Ok, I believe if we look closer we will find that the pretended inclusion of randomness in artificial deterministic systems turns out to be deterministic as well – determinism in the sense of allo- or heterodetermination. Self-organisation presupposes a degree of freedom and it is, in which way ever, self-determined. It is up to the agent how it produces the output. And the agent has more than one possibility to do this. If the system that has to produce the output has only one possibility, namely, can give one certain output only to one certain input, then it works as a mechanical system and not as an agent. Does a primitive agent ponder? I am not fond of saying that the universe is perfused with a soul. What I do think is that if we human agents ponder there must be some preconditions from which our pondering capability emerged and we have to be clear about the fact that we share this precondition with lower level agents though there is a clear-cut difference which makes us distinct from them.

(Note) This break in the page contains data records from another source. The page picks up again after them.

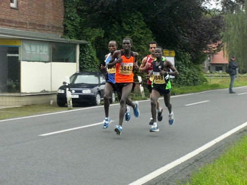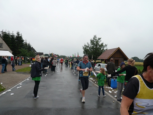 Bei km 8 erreichen wir Ehren, was auch der südlichste Punkt der Strecke ist. Wir befinden uns hier in einer herrlichen idyllischen Landschaft. Neben uns galoppieren die Pferde auf der Weide, wohl durch uns Läufer angesteckt. Aus dem Nieseln wird langsam Regen. An einer kleinen Kapelle am Wegesrand stellen sich Zuschauer unter.
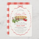 This cute "little cutie pie" girl's baby shower invitation features a strawberry pie with strawberries surrounded by a red bow frame. The reverse side features a white background with red gingham patterns. Personalize it for your needs. You can find matching products at my store.
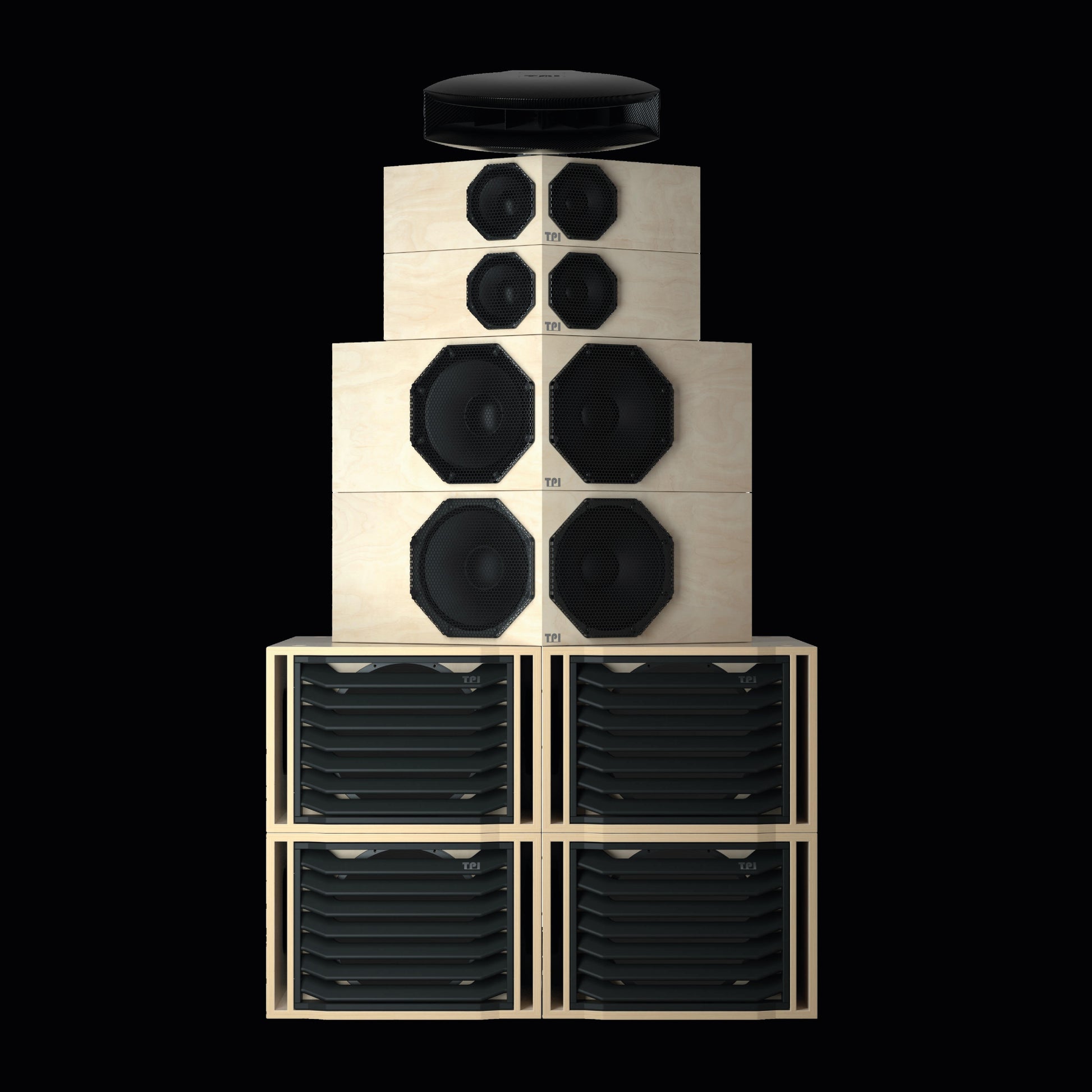 TYPE. TOTEM 2, our flagship ground-stack reference system. Incorporating custom designed drivers, patented crossover technology, and our proprietary V-Fronted array formulation.
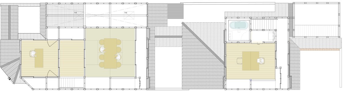 「楽平家サロン」では、ミニライブラリーやイベントスペース、ギャラリー、そして、カフェやレンタルスペースなど、部屋ごとに改装し多目的な用途が実現できるようにした。構造は変えられないので、今後、それぞれの部屋にどういった機能をどう付加し、それぞれの用途が相乗効果をもたらすようにしていくかなどの運営面での工夫が必要となると思われる。もちろん町家に残された床の間や建具、欄間などのしつらえや意匠はできるだけ残して活かすようにしている。
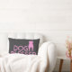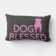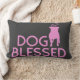 El " perro bendijo" la almohada del acento del ángel del pitbull, ilustraciones rosadas mostradas en una almohada gris profunda. ¡Estudio del diseño de DoggyStyle, celebrando al mejor amigo del ser humano! estudio 2015 del diseño de DoggyStyle del ©
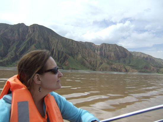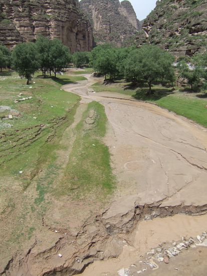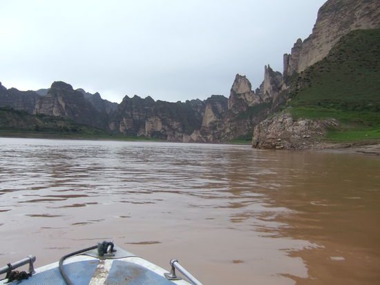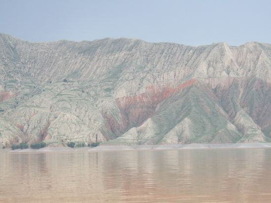 Der Gelbe Fluss hat seinen Namen dem vielen Loess, den er mit sich fuehrt, zu verdanken. Einerseits bringt der Loess der Landwirtschaft an den Ufern des Flusses fruchtbare Boeden, andererseits verursacht er durch die Erosion und die viele Fracht, die er mit sich fuehrt gewaltige Schaeden. Anscheinend sollen Stauseen z.B. infolge der grossen Ablagerungen von kurzer Lebensdauer sein. Auf folgenden Fotos kann man die Zweifaerbung des Sees recht gut erkennen.

If we consider that nowadays our abuse of natural resources, the inequality among people or the difficulties of the majority collecting relevant information to solve everyday problems is higher than ever, we then might ask what is the “Global Sustainable Information Society” you talk about. Is it a goal, the end to which social systems seems to evolve? or is it more like a regulatory idea as Kant´s perpetual peace, an utopia?
It’s a concrete utopia in the sense of critical theorist Ernst Bloch. Though our societies are self-organising systems they do not develop by themselves in that direction which would be desirable and would meet the long-term interests of the systems self-maintenance. This is a feature inherent in every self-organising system. Look at Ward’s recent book on the self-destructiveness of life. Look at the history of evolution in which more than 99 per cent of all existing biotic systems have perished. Thus also our systems of human civilisation may perish. But since we are parts of these systems that – in contradistinction to self-organising systems on lower levels – have the possibility to influence the whole by pondering with reflection, rationality, and reason, and since we can identify possible futures for humanity, our systems are not yet deemed to perish. Anyway, it is up to the parts of the systems to do the right choices.
We are approaching what I call the “Great Bifurcation”. There is an alternative between at least 2 possible paths. One is the path of a breakdown and one is a path of a breakthrough to what I call a “Global Sustainable Information Society”. The latter provides a framework for the persistence of humanity, that is, for the capability of humanity to fight against anthropogenic, sociogenic, self-made causes for extermination.
In order to enable societies to get on the sustainable path, ICTs have to be shaped according to their potential to foster the generation of human and humane information. Unfortunately, due to informational capitalism we live in, neoliberal policies have furthered the preponderance of meaningless gadgets over means for survival and for the good society. However, this is not the end of the story. And since humans are self-organising systems, they have the freedom to change priorities. Thus hope is still there.